The leaders of the United States, Germany, France, Britain and Italy agreed to the measures in a phone call on Monday, stating they wanted to "impose further costs" on Russia.
Russian banks will have a harder time accessing European capital markets and arms exports for military use will be banned, EU diplomats said on Tuesday.
There will also be a ban on exporting high-tech energy products to Russia, something which is likely to hit Germany the hardest out of all the EU's 28 member states.
“There was agreement on the importance of coordinated sanctions against Russia due to the continued supply of arms and equipment, and due to the infiltration of militants in the eastern Ukraine,” Chancellor Angela Merkel’s office said in a statement.
Germany had previously been reluctant to impose sanctions on Russia which would harm its economic interests. Its trade with Russia was worth €76.5 billion in 2013.
The sanctions are aimed at forcing Russia to drop its support for separatist rebels in eastern Ukraine who are accused of shooting down Malaysia Airlines flight MH17.

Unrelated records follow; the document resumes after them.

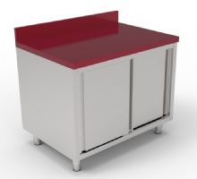 Typology : sur pieds Dimensions (mm) : 1400 x 700 x 850 mm Plan de travail en acier avec dosseret de 40 mm d'épaisseur Dosseret h 100 mm Épaisseur du plan de travail 4 cm
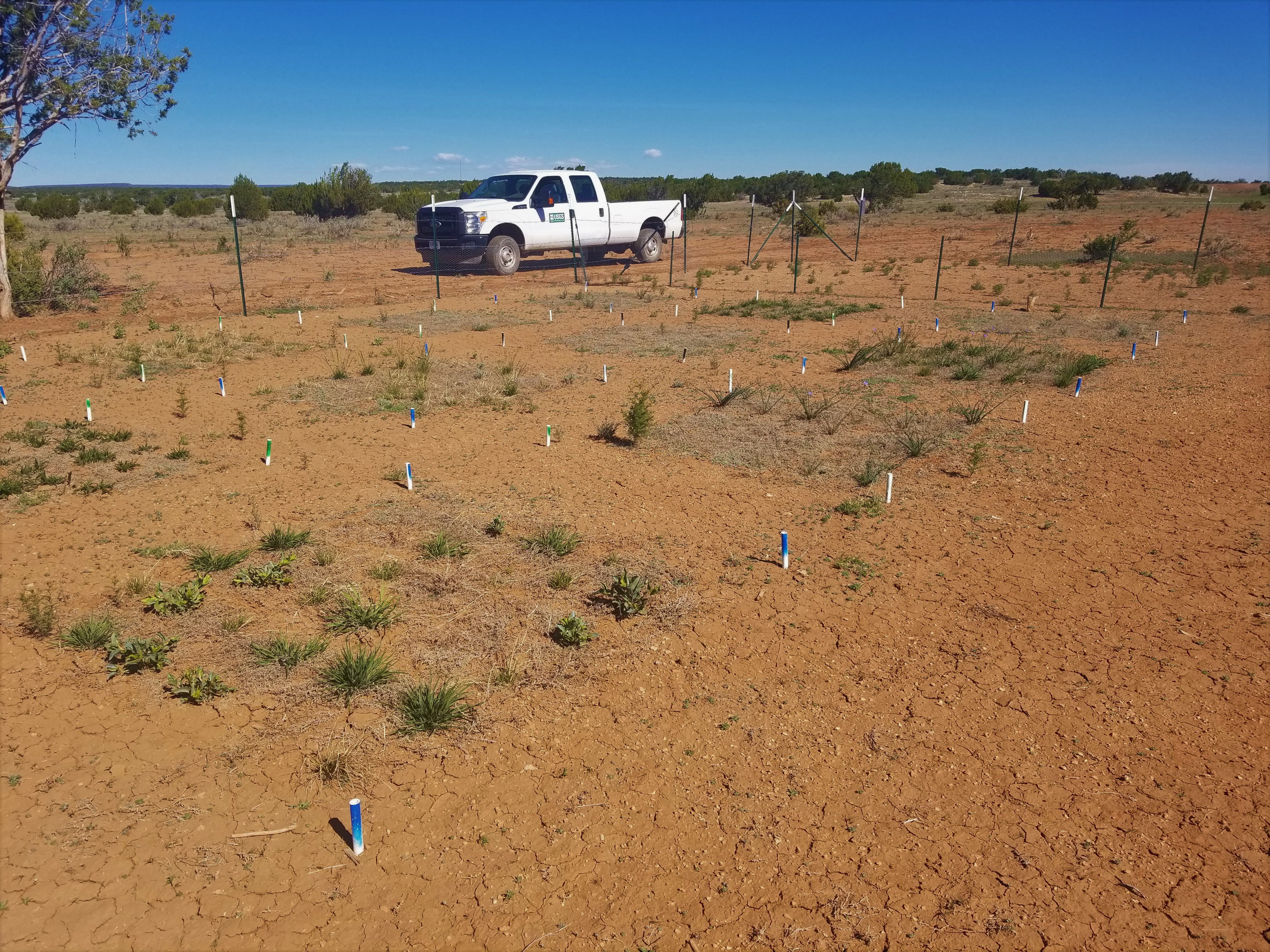 The USGS RAMPS program's RestoreNet experiment works to strengthen land treatment, restoration, and reclamation activity across the Southwestern Deserts. This photo shows the surving plants one year after being installed. Results from this experiment are going to inform restoration. The RestoreNet project is an example of co-produced science, where land managers and scientists work together to design the experiment, interpret results, and create science delivery products that are useful for land managers working to improve the condition of the land.
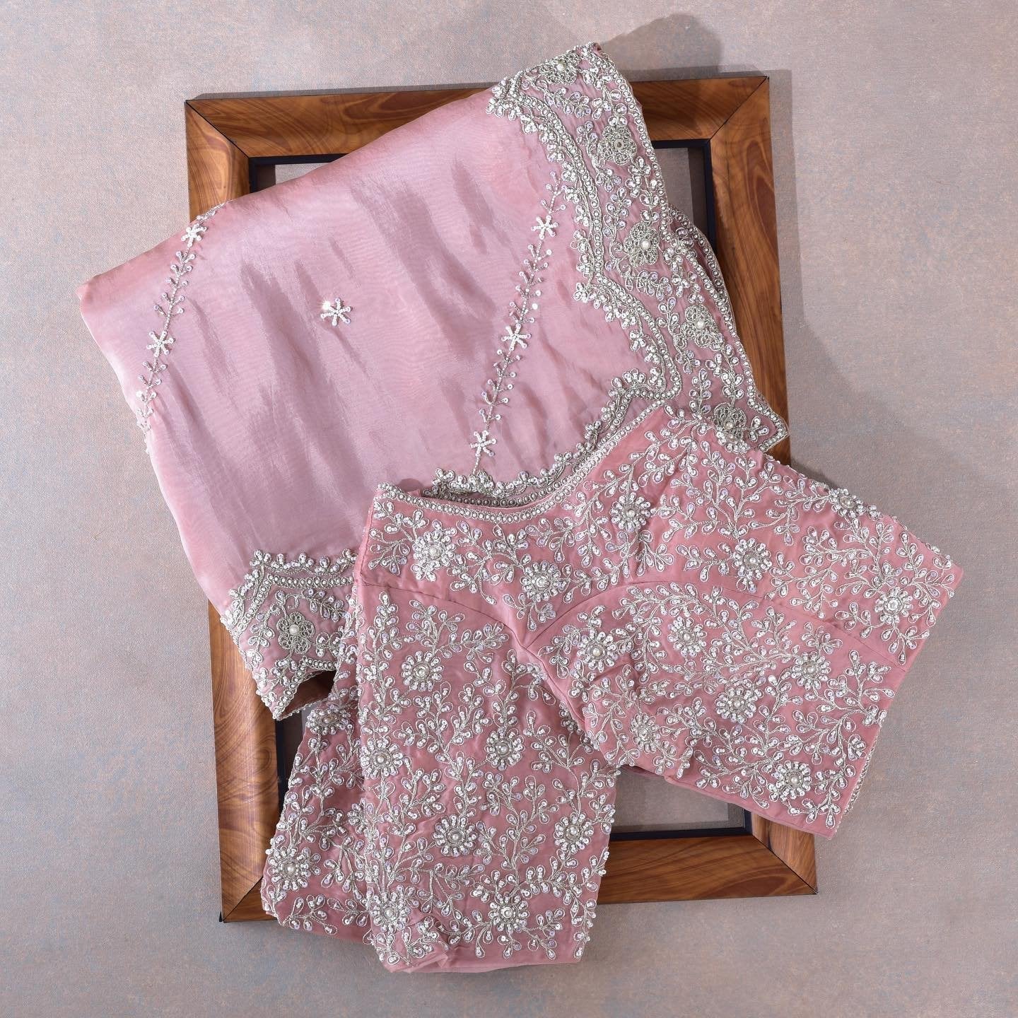 Composition: Sari and blouse length- 6.5 metres. Includes coordinated unstitched blouse piece
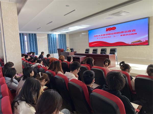 在西河社区党群服务中心会议室,罗珊红以“百年大党奋进新征程的政治宣言”为题,从“七一”讲话的历史地位与重要意义、主要内容和丰富内涵、着力推动习近平总书记“七一”重要讲话精神走深走实走心三个方面,并结合党的十九届六中全会精神进行了宣讲。罗珊红通过回顾中国共产党百年奋斗重大成就和历史经验,深刻阐释了习近平总书记“七一”重要讲话的重大意义、全面建成小康社会的历史性成就、党团结带领人民不懈奋斗的光辉历程和伟大成绩、伟大建党精神的深刻内涵和时代价值、习近平总书记代表党中央发出的伟大号召等内容,对讲话中提出的一系列新的重大思想、重大观点、重大论断进行了深入系统地讲解。罗珊红要求艺术传媒学院全体师生,要不断加强“政治判断力、政治领悟力、政治执行力”,持续发扬“三牛”精神,为学院的专业发展、产教融合、“双高建设”、职教本科创建和建成“专本(硕)一体的芜湖职业技术大学”的目标共同奋进。罗珊红最后对新发展的学生党员提出要求,要认真学习党章党史,熟知党的性质、党的纪律,理解党的初心和使命,明确人生的发展目标,并勉励他们要“树牢理想信念,努力学习本领,践行初心使命,严守党的纪律,敢于善于斗争”,围绕“紫云英人才计划”,主动融入芜湖市经济和社会建设和发展的洪流之中,不负时代、不负韶华,用汗水和奋斗书写青春华章。
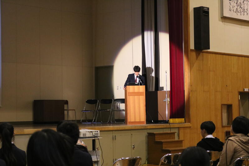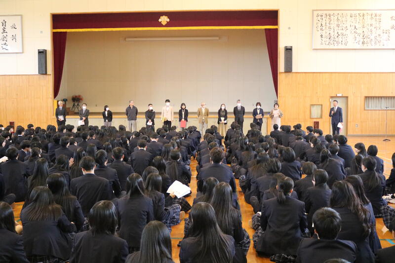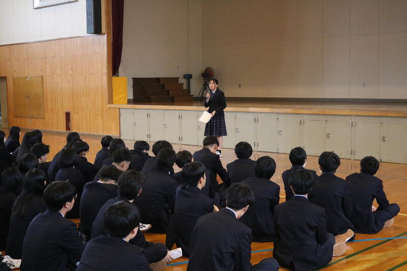 また,集会に先立ち次の表彰伝達がありました。福祉系3名のチーム(3年次2名と2年次1名)が第10回北海道地区高校生介護技術コンテスト優秀賞(全国高校生介護技術コンテスト出場)。料理部3年次3名がとかちマルシェ料理甲子園2025審査員特別賞。美術工芸部が,高文連札幌地区美術大会で平面の部入選2年次1名,立体の部入選2年次1名,平面の部佳作3名(3年次1名,2年次1名,1年次1名)(5名全道大会進出),第4回BUNKAファッションデザイン画コンクールリトルファクトリー賞2年次1名,入選3名(2年次2名,1年次1名)。陸上競技部2年次男子生徒1名が札幌地区新人戦男子砲丸投げ決勝4位(全道新人戦出場)。ボート部が,国民スポーツ大会予選で男子シングルスカル優勝3年次1名,女子シングルスカル優勝3年次1名,男子舵手付きクォドルプル道選抜メンバー入り2年次2名,女子舵手付きクォドルプル道選抜メンバー入り3年次1名(5名国民スポーツ大会出場),全道新人戦で男子シングルスカル第3位2年次1名,女子シングルスカル第1位1年次1名,男子ダブルスカル第1位1年次2名,同第3位1年次2名,女子ダブルスカル第2位1年次2名,男子舵手付クォドルプル第1位2年次5名(1位8名全国高等学校選抜ローイング大会出場)。
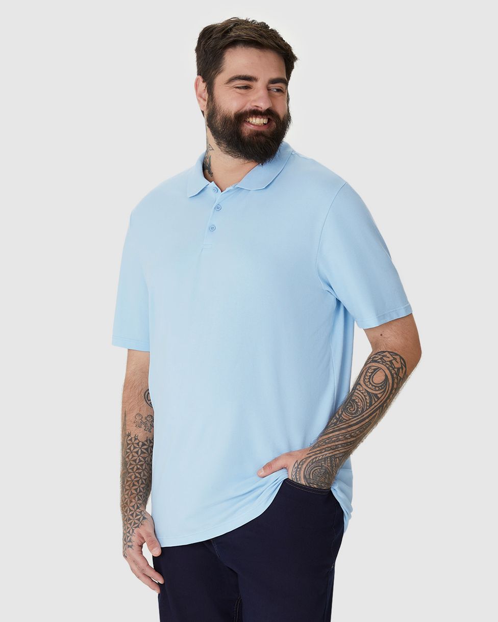 Camisa Polo Básica Masculina Plus Size Em Piquet Stretch
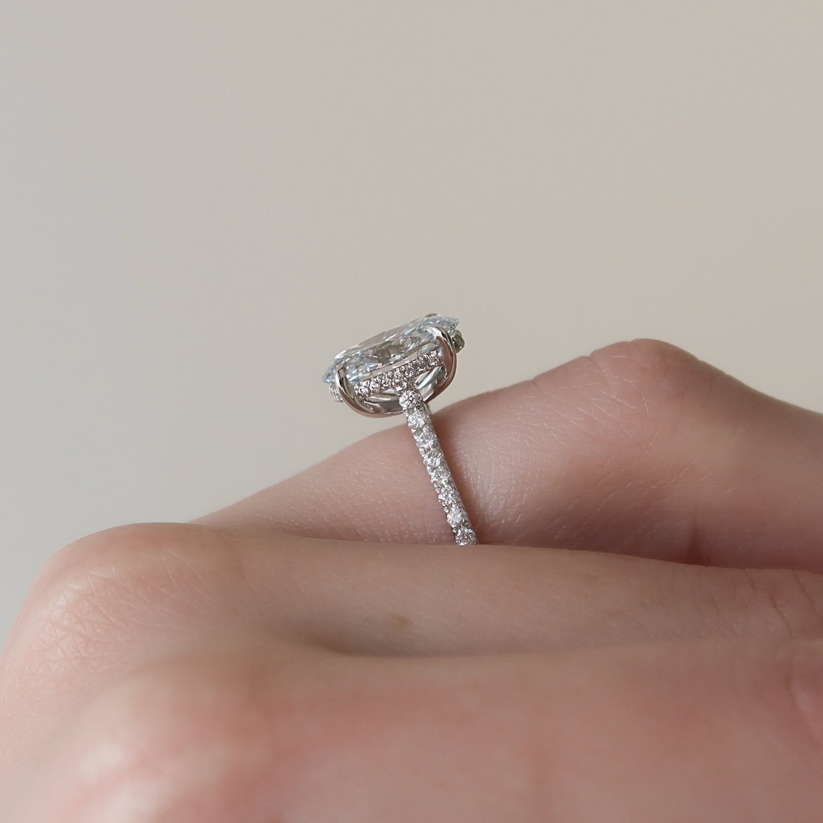 The Pave Natalie Set With A 1.0 Carat Oval 14K White Gold Lab Diamond

The move comes after EU leaders on Monday agreed to a number of narrower sanctions targeted against Putin's allies, including entry bans.
New tougher sanctions against Russia are also expected from the US on Tuesday.
"So far we have not seen a strategic change of direction by Putin. That's why we believe it is absolutely necessary to take further measures," US deputy National Security Advisor Anthony Blinken said on Monday in Washington.
The EU ambassadors are meeting on Tuesday in Brussels where details of the sanctions are expected to be finalized.